Idiopathic pulmonary haemosiderosis is a rare disease primarily affecting children. The condition is characterized by widespread bleeding from alveolar capillaries, resulting in symptoms such as haemoptysis, shortness of breath and iron deficiency anaemia. However, it is not a specific disease and sometimes can manifest solely as anaemia, which may be easily overlooked and misdiagnosed. The purpose of this case report was to describe a 1-year-old boy who exhibited haemolytic anaemia as the only symptom of idiopathic pulmonary haemosiderosis, with the intention of offering clinical insights into the precise diagnosis and subsequent management of this rare and easily misdiagnosed disease. Clinicians should keep idiopathic pulmonary haemosiderosis in mind when evaluating children with haemolytic anaemia and promptly initiate testing and treatment to prevent misdiagnosis and improve outcomes.

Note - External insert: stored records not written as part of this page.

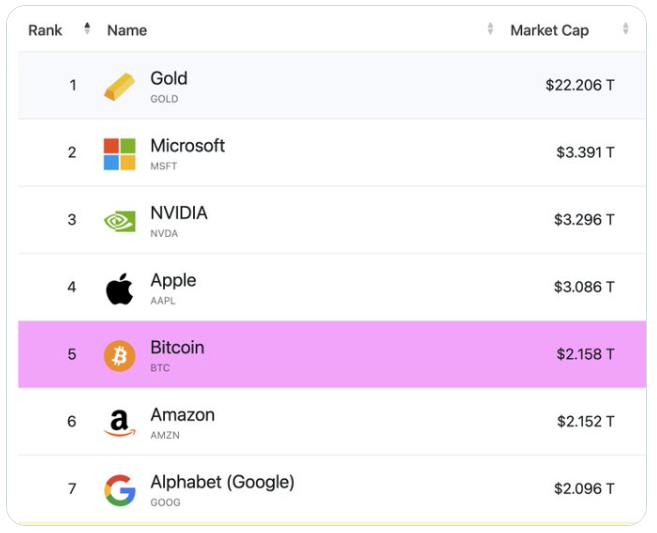 - Bitcoin market cap hits $2.17 trillion and is now the 5th largest asset in the world over taking Amazon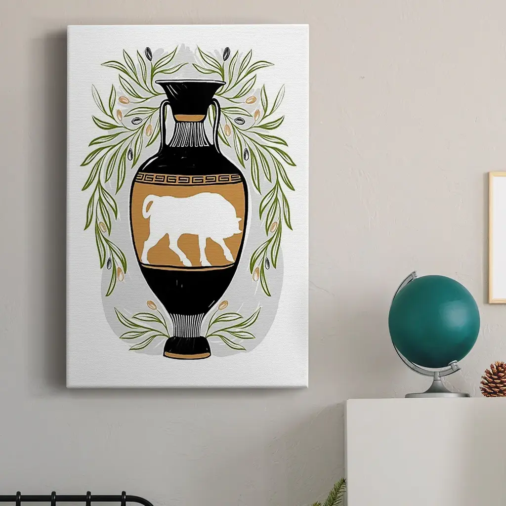 Greek Vases IV Premium Gallery Wrapped Canvas - Ready to Hang A premium hand stretched gallery wrapped canvas print created to last. Featuring a beveled a solid wood stretcher bar, each piece comes ready to hand 6 SIZES AVAILABLE 8''X12'' - Overall Size 12''X18'' - Overall Size 18''X27'' - Overall Size 24''x36'' - Overall Size 32''x48'' - Overall Size 40''x60'' - Overall Size Each piece is made to order. Built to Last Each piece comes ready to hang Solid wood stretcher Fade and Water resistant Made domestically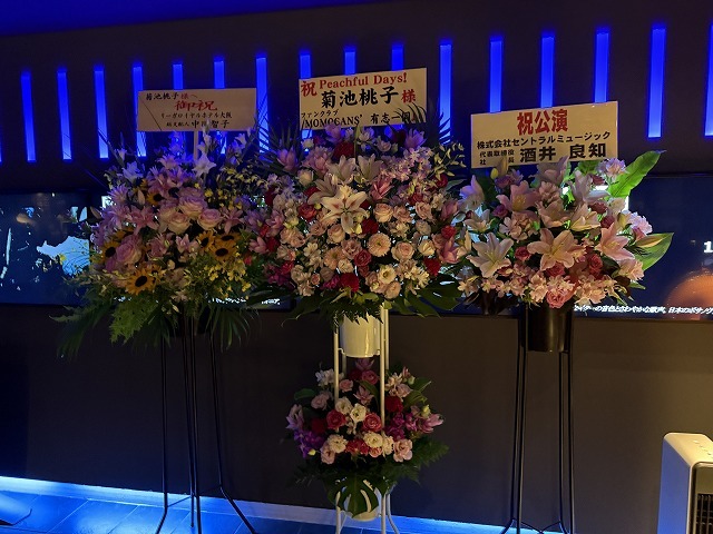 ビルボードライブに入ると・・・綺麗なお花の前を通って受付してもらい、早速、物販の列に並びました。

Keywords: Idiopathic pulmonary haemosiderosis; case report; child; diagnosis; haemolytic anaemia.

Figure 1.

Chest X-rays and computed tomography (CT) of a 1-year-old male that was initially admitted because of experiencing a pallid-yellow face for 1 week and pale red urine on one occasion more than 10 days before admission: (a) the first chest radiograph undertaken during the first hospitalization (between 29 May 2022 and 2 June 2022) showed no significant abnormalities in the heart, lungs or diaphragm; (b) the second chest radiograph undertaken during the second hospitalization (between 27 June 2022 and 29 June 2022) showed increased lung texture in both lungs; (c) the third chest radiograph undertaken during the third hospitalization (between 21 February 2023 and 2 March 2023) showed no significant abnormalities in the heart, lungs or diaphragm and (d) chest CT scan during the third hospitalization (between 21 February 2023 and 2 March 2023) showed diffuse alveolar exudate in both lungs.